Obwohl "feiern" ein Euphemismus ist. Nach dem desaströsen Wahlergebnis und dem Rauswurf aus dem Parlament stellte sich der interimistische Parteichef Werner Kogler zum ersten Mal einer Diskussion mit Grün-Anhängern und jenen, die der Partei den Rücken gekehrt haben. Kogler wollte wissen, warum.

Im Publikum war neben einigen Ex-Grünen-Abgeordneten auch die gescheiterte Spitzenkandidatin Ulrike Lunacek. Mitdiskutiert hat sie nicht, aber die öffentliche Schelte dürfte auch sie interessiert haben.

"Suboptimal gelaufen"

Autorin Sibylle Hamann verlas auf der Bühne eMails; seit dem 15. Oktober sind Hunderte in der Parteizentrale eingetrudelt. So hieß es in einem Schreiben, das Grüne Wahlprogramm sei "Flickwerk", dem Schreiber fehlt "die Vision einer zukünftigen Gesellschaft". Ein Werbefachmann schrieb, dass den Grünen angekreidet wird, "alle Flüchtlinge ins Land zu lassen" und auf die Österreicher zu vergessen. Außerdem mangle es den Ökos völlig an Selbstreflexion und -kritik, heißt es in einem anderen Schreiben.

Das waren noch die sanfteren Meldungen. Ein Wiener Aktivist steht im Publikum auf und schimpft, die Grünen hätten ihre Ideale "verraten und verkauft". Er meint das Projekt Heumarkt – etwas, wofür sich Kogler nicht zuständig fühlt. "Aber ja, das ist suboptimal gelaufen", gestand er ein.

Das Wahlergebnis von 3,8 Prozent erklärt sich Kogler unter anderem damit, dass viele Grün-Wähler (2013 waren es noch 12,4 Prozent) zur SPÖ übergelaufen sind, um Schwarz-Blau zu verhindern. Fehlanzeige. "Wir haben in dieser historisch wichtigen Phase völlig versagt. Man hätte uns gerade jetzt mehr gebraucht denn je", gibt sich der Grünen-Chef reumütig.

"Geld? Ja, bitte!"

Der Hintergrund der Veranstaltung ist klar: Kogler will sich mit der Basis versöhnen. "Was brauchen Sie? "Ideen? Menschen? Geld?", fragt Moderatorin Hamann. "Der Ideenmangel wird’s weniger sein", sagt Kogler. Im Februar ist eine Art "Beteiligungskongress" geplant, bei dem Ideen für den Neuaufbau kanalisiert werden sollen. "Aber Geld? Ja, bitte!" Gelächter im Publikum, aber das ist durchaus ernst gemeint.

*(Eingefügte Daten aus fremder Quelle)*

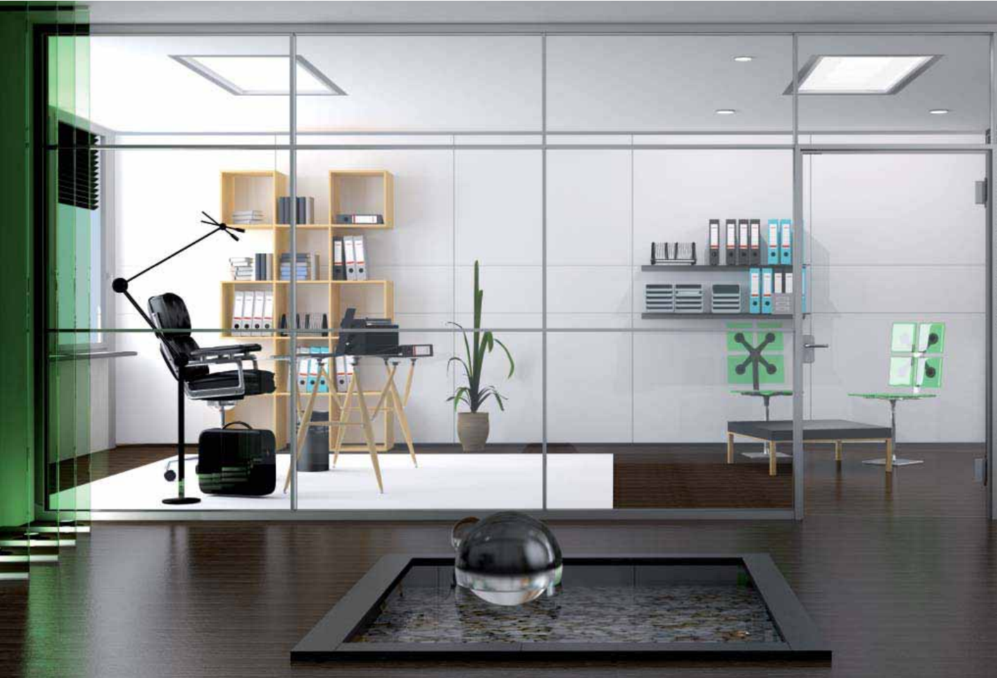
Glastrennwand Lindner Life 621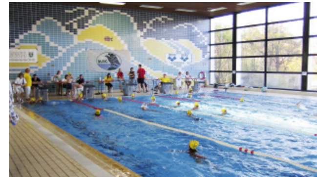
24-Stunden-Schwimmen der DLRG im Jagdfeldbad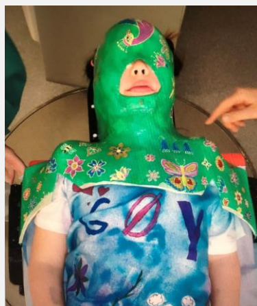
Gøy å være på Aktiviteket og male masken sin!

Fra 2014 er det blitt 1,8 stillinger. Ikke mange, men nesten en dobling fra starten i 1976!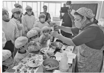
◀稲取小学校 あじのさんが作り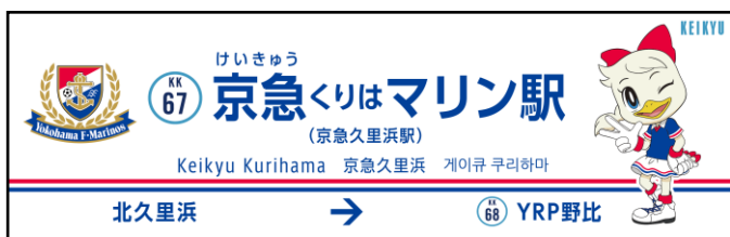
駅名看板の装飾 ※イメージ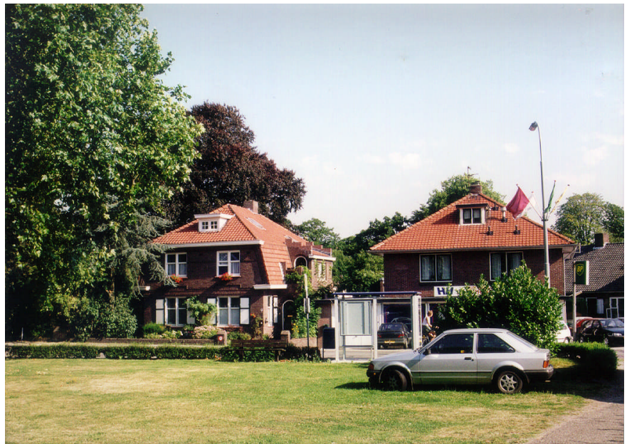
Zicht op de Dorpsstraat vanaf Oude Kerkhof

De Dorpsstraat is het tweede opvallende lineaire element in het gebied. Het is vanouds de doorgaande route door Bemmels die zich door het dorp slingert. Het is een vrij brede asfaltweg met voornamelijk vrijstaande bebouwing uit diverse perioden. Naast woningen zijn er bedrijven, winkels en horeca te vinden. Ter plaatse van de Oude Kerkhof maakte de Dorpsstraat vroeger een knik richting de dijk. Later is deze bocht er voor doorgaand verkeer uitgehaald en volgt de straat de route van het oude tramlijntje. Het resterende dwarsstraatje ligt hierdoor een beetje onbegrepen binnen de oude dorpskern. Het straatje maakt mede door haar invulling met bedrijfjes en de daarmee ontbrekende groeninrichting van de voorerven een stenige kale indruk.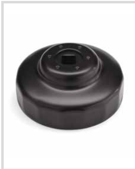
G. PAN AMERICA FILTERSCHLÜSSEL IN ENDKAPPENAUSFÜHRUNG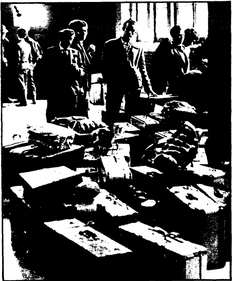
Un grupo de mineros españoles abandona Holanda

DOSCIENTOS CINCUENTA MIL NIÑOS ESPAÑOLES SE HALLAN REPARTIDOS POR EUROPA ● LOS EMIGRANTES HAN ESTADO APORTANDO A ESPAÑA UNOS MIL MILLONES DE DOLARES AL AÑO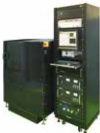
【高感度薄膜磁歪測定装置】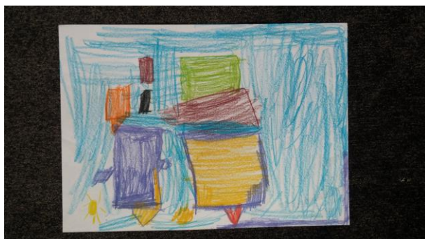
"Osiedla" Paweł Musiał

Der Schuldenabbau wird ja von den Ländern getragen. Weil die Parteienförderung weggefallen ist, sitzen die Bundes-Grünen ansonsten aber auf dem Trockenen. Kogler überlegt, eine Art "Bundesmitgliedschaft" einzuführen. Parteimitglieder sollen die 50 Euro Jahresbeitrag dann nicht mehr in den Ländern, sondern direkt an den Bund zahlen – oder an beide. Bei derzeit rund 7300 Mitgliedern (eine Schätzung, die länger zurückliegt) ist das zwar nicht viel, "aber besser als gar nichts", sagt ein Grüner zum KURIER.